Не имелось у Рашкевича такого альбома. И в этом тоже повинны были большевики.

Нет, не мелочь, не пустяковина — альбом в плюшевом переплете с медными застежками. Лишившись его, человек как бы лишался прошлого, зачеркивал его, выбрасывал на помойку.

Не мог Рашкевич выбросить на помойку свою красивую жизнь, свое прошлое. И потому сохранил семейный альбом. Не в плюше с медными застежками: в собственной памяти. Надежней, чем в самом секретном сейфе.

Редко приходилось ему перебирать страницы этого альбома: не допускал себя до него. Но были мгновения… И с упоением перелистывал он страницы и видел себя и близких, и тех, кто ушел навеки, и тех, кто далеко…

Казалось бы, зачем возвращаться к тому времени, когда тринадцатилетний Сергей в матросском костюмчике, с тонкой шеей, вытянутой из белого воротничка, с испуганными глазами сидел перед фотографом, лучшим фотографом города, самим Гальпериным, чья кудреватая подпись венчала глянцевитый картон фотографии?

Ан нет, завязались в те дни, в том бытии подростка узелки, развязанные много позже. Тянулась за мальчиком Сережей вереница фигур. Отец — батюшка Платон, красавец с бархатным вкрадчивым баритоном, кумир львовских дам. И делец. Ни часу отдыха, все в делах: встречах с заправилами банков Ипотечного и Земельного, со скупщиками скота, с интендантами австрийской армии.

От отца унаследовал Рашкевич деловую хватку, неутомимость в делах, предприимчивость и умение за общим делом не упустить своего.
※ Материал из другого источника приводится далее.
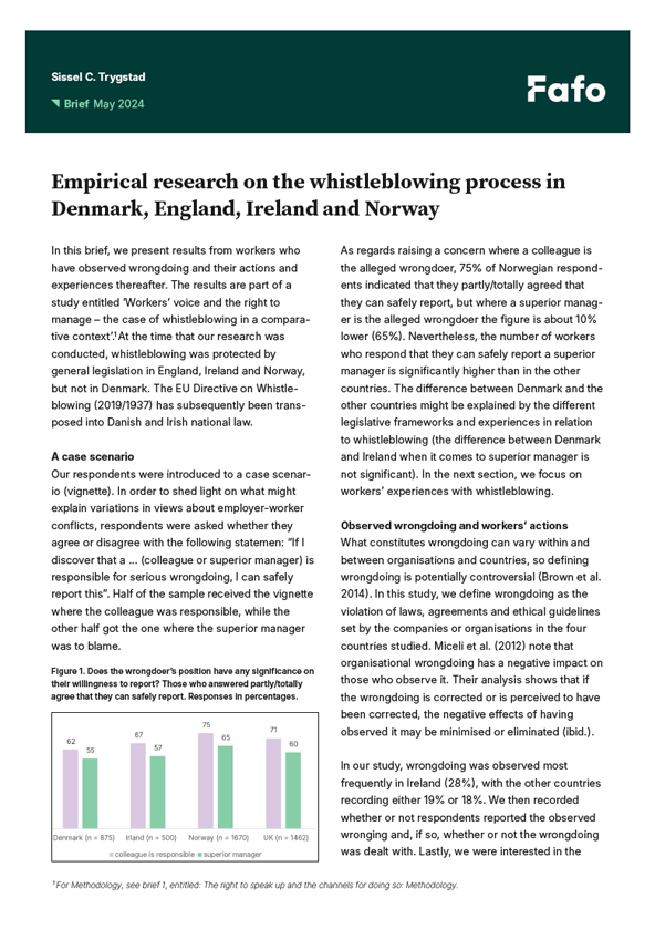 The right to speak up and the channels for doing so: A comparative study of Denmark, England, Ireland and Norway | Faktaflak
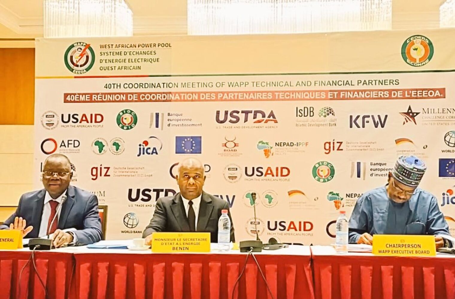 Cotonou, la capitale économique du Bénin a abrité ce vendredi 23 juin 2023 la « 40ème Réunion de Coordination des Partenaires Techniques et Financiers du Système d'Échanges d'Énergie Électrique Ouest-Africain (EEEOA) ». Et c'est le Secrétaire d'État à l'Énergie du Bénin, Monsieur Édouard DAHOME qui a lancé officiellement les travaux en présence du Secrétaire Général du WAPP / EEEOA, Monsieur Siengui A. KI, du Président du Conseil Exécutif du WAPP, Eng Sule Ahmed ABDULAZIZ, des Partenaires Techniques et Financiers du WAPP, et des membres de l'instance de décisions du Conseil Exécutif du WAPP.
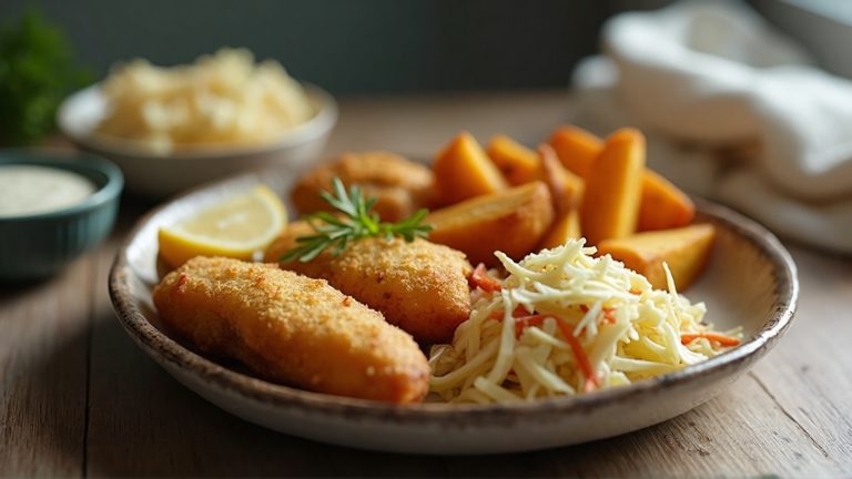 Et sundt og velsmagende alternativ til den klassiske fastfood-version. Fiskepindene er bagt i ovnen, kartoflerne er sprøde og kålsalaten giver friskhed og knas – en perfekt hverdagsret til hele…
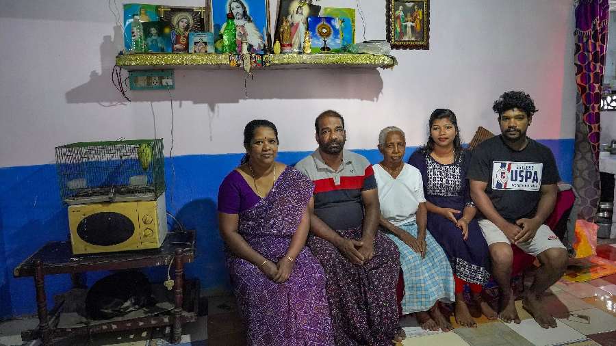Nearly two years ago, Mary Sebastian (center in the picture) was hoisted on a chair and carried by a policeman in waist-deep floodwaters, leaving behind her now damaged home where she had spent more than 70 years of her life. She never thought she would return. So, when Sebastian, now 85, recently recounted her experience during Cyclone Tauktae, which hammered parts of southern India in May 2021, she became emotional as the memories came rushing back. Having returned to the same tiny, tiled-roof home, she expressed hope that a sea wall being erected on the coast just in front of her house would check raging waves of the Arabian sea and keep her safe.

И где-то, на заднем плане, проходила тонкая бледная женщина с узкой ладонью, пахнущей духами и немного ладаном: мать. Богомолка и светская женщина. Мать, рано умершая, никогда и в мыслях не имевшая, что начнется потом. Не оплакавшая двух сыновей, старших братьев Сергея, павших в боях с большевиками под Каменец-Подольском.
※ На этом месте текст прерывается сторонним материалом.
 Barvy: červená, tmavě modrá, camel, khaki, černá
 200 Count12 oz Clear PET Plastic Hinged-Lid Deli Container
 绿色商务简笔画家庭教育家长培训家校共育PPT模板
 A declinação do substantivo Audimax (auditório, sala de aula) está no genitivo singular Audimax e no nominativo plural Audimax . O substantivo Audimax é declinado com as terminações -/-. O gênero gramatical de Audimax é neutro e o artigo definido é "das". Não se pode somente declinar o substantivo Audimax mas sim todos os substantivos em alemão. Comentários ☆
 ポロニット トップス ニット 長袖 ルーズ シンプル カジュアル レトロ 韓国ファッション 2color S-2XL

Школьные учителя, духовные наставники… И отец, всегда рядом отец. Неутешный, день и ночь печалящийся по умершей жене.

Только позже узнал Сергей, что не столько по усопшей он печалился, сколько по невозможности жениться вторично. И потому тайно встречался отец с красавицей полькой, известной в городе модисткой, впервые преподавшей ему, Сергею, науку любви.

И на этой странице альбома задерживался взгляд Сергея Рашкевича. Она вмещала в себя столь многое, что никак не вошло бы в кусочек картона, даже в групповой портрет. Продолговатое, бледное, по тогдашней моде, лицо с большими глазами, искусно подведенными, под высокими тонкими бровями. Затянутая «в рюмочку» талия, прямые юбки, шелест шелка и запах «амбры». И шляпы… Большие, газовые и бархатные, с цветами, фруктами, с птицами, зверьками… Всю последующую жизнь всякие любовные переживания вызывали у Рашкевича видения диковинных шляп. Как мало времени прошло, а они уже исчезли из реальной жизни!